=== MATERIAL SHOWN ===

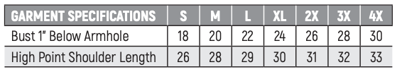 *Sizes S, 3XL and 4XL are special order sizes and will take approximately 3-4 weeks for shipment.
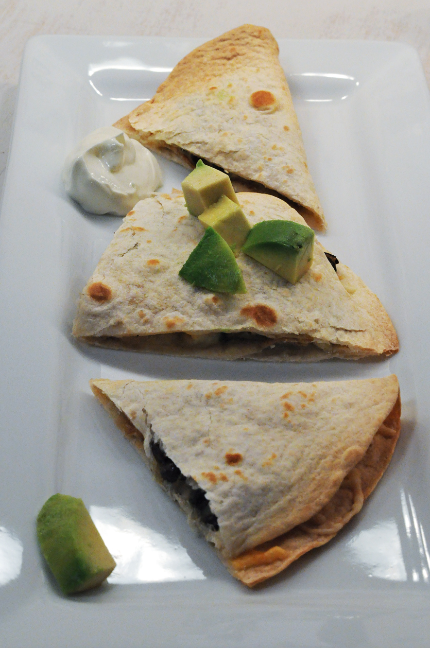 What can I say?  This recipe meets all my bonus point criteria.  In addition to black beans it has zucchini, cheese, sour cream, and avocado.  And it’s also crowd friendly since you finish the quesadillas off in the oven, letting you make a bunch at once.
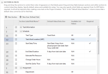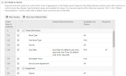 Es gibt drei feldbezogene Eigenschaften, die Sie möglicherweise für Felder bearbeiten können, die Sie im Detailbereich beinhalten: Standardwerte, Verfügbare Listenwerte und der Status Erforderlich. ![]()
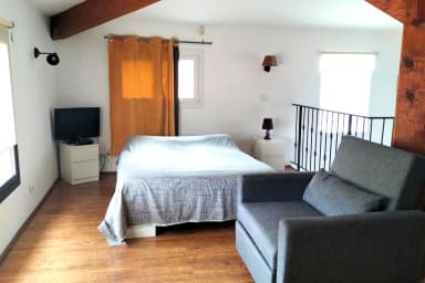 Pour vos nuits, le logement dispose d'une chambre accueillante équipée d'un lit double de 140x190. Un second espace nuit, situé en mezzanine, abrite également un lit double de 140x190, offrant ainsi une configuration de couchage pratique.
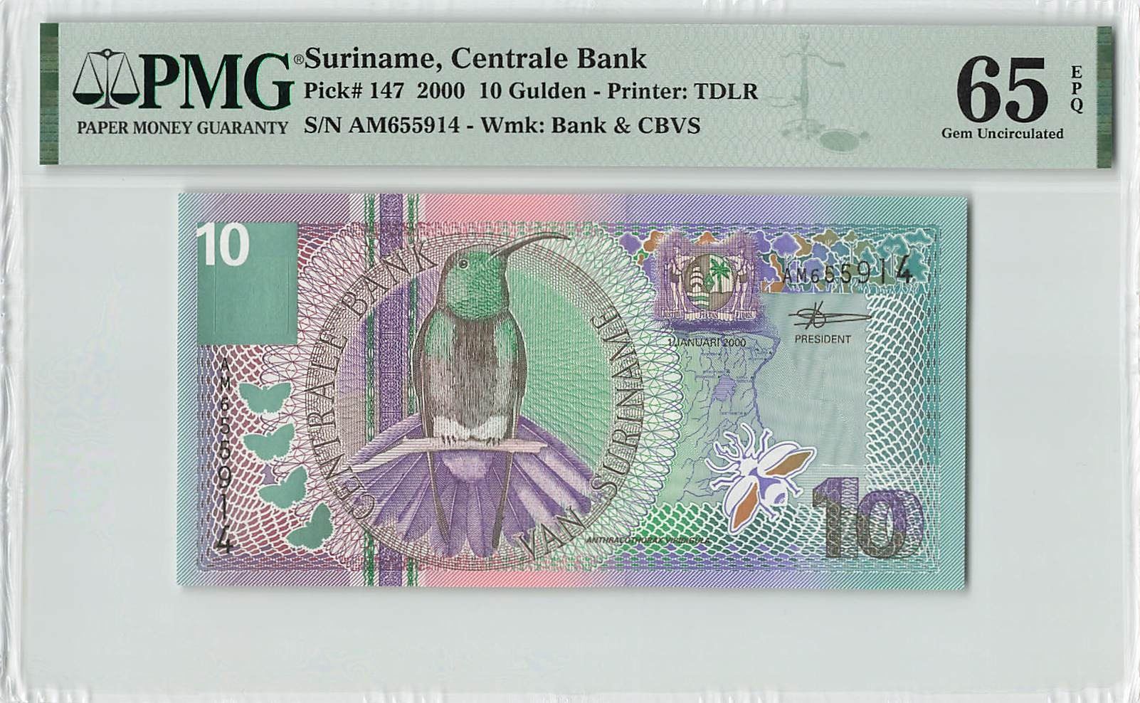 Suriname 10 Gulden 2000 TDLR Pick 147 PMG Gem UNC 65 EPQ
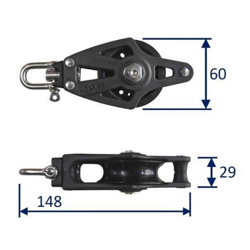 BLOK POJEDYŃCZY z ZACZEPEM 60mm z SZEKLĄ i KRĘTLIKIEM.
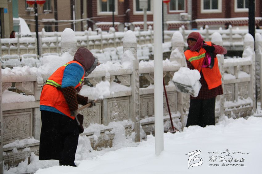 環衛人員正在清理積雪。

=== TASK REQUIREMENTS ===
Give the listing above again in its entirety, exactly as written and free of images.

=== EXERCISE RESULT ===
 *Sizes S, 3XL and 4XL are special order sizes and will take approximately 3-4 weeks for shipment.
 What can I say?  This recipe meets all my bonus point criteria.  In addition to black beans it has zucchini, cheese, sour cream, and avocado.  And it’s also crowd friendly since you finish the quesadillas off in the oven, letting you make a bunch at once.
 Es gibt drei feldbezogene Eigenschaften, die Sie möglicherweise für Felder bearbeiten können, die Sie im Detailbereich beinhalten: Standardwerte, Verfügbare Listenwerte und der Status Erforderlich. ![]()
 Pour vos nuits, le logement dispose d'une chambre accueillante équipée d'un lit double de 140x190. Un second espace nuit, situé en mezzanine, abrite également un lit double de 140x190, offrant ainsi une configuration de couchage pratique.
 Suriname 10 Gulden 2000 TDLR Pick 147 PMG Gem UNC 65 EPQ
 BLOK POJEDYŃCZY z ZACZEPEM 60mm z SZEKLĄ i KRĘTLIKIEM.
 環衛人員正在清理積雪。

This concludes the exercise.